RESEARCH PAPER
 
KEYWORDS
TOPICS
ABSTRACT
Introduction and objective:
The spread of drug-resistant bacteria is deemed a worldwide threat. Patients in long-term care, including those under palliative care, are exposed to a high risk of colonization and infection with drug-resistant pathogens. This refers primarily to long-term care facilities as opposed to home care. A cross-sectional study was carried out between 1 January 2018 – 30 June 2019. The study was approved by the Bioethics Committee at the Medical University of Warsaw (KB/222/2017).

Objective:
The aim of the study was to assess the frequency and type of colonization with drug-resistant pathogens among patients in long-term care facilities and those under home hospice care. An additional aim was evaluation the risk of pathogen transmission according to the type of provided long-term care.

Material and methods:
The study included 129 participants: 68 patients under the care of 3 long-term care facilities in Warsaw, Poland, 42 patients under home hospice care, and 19 household members of hospice patients. All included participants provided written informed consent.
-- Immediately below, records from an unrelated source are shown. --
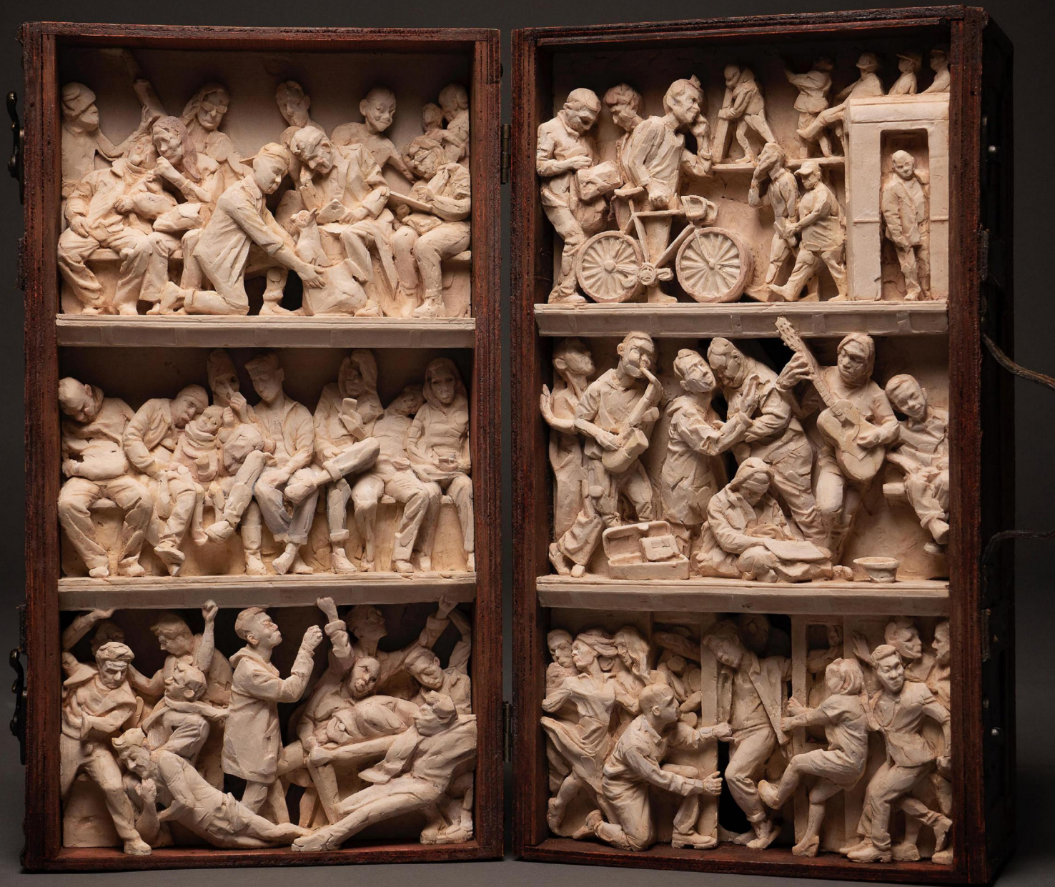
The Curious Case (奇幻之旅), 2018 Acrylic on resin, wood 16" x 19" x 4"
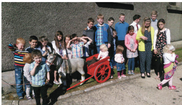
Children from St Marks, Aghadrumsee who took part in the special Harvest Children's Service on 21st September.
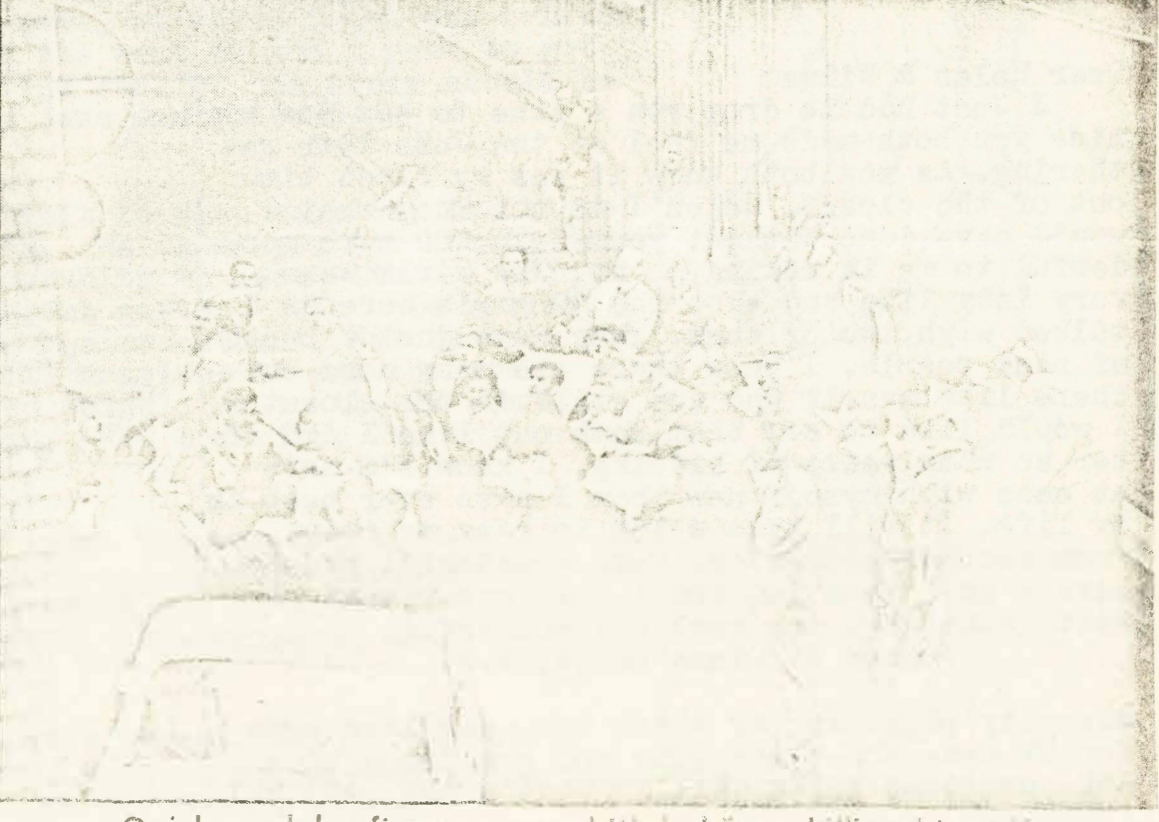
Quick work by firemen saved Klapel from killing himself

Oropharyngeal and rectal swabs were obtained from all participants for microbiological assessment.

Results:
Colonization with pathogens was more common in long-term care facilities residents (82.4%) than in at-home hospice patients (42.9%). Risk of colonization was significantly lower in patients staying at home than in long-term care facilities patients (OR 0.16; 95% CI 0.06–0.38).

Conclusions:
Conclusions. Risk of colonization with drug-resistant pathogens depends on the type of care and is significantly higher in patients staying at long-term care facilities. Systemic measures, such as microbiological screening, are necessary to provide optimal patient care and to ensure epidemiological safety, both to patients and their caregivers.

FUNDING
Funding and conflicts of interest. The research received no specific grant from any funding agency in the public, commercial, or not-for-profit sectors. The Authors declare that there are no conflicts of interest. Data sharing. The datasets generated during and/or analyzed during the current study are available from the corresponding author on reasonable request. Acknowledgments Language and editorial assistance was provided by Proper Medical Writing, Warsaw, Poland.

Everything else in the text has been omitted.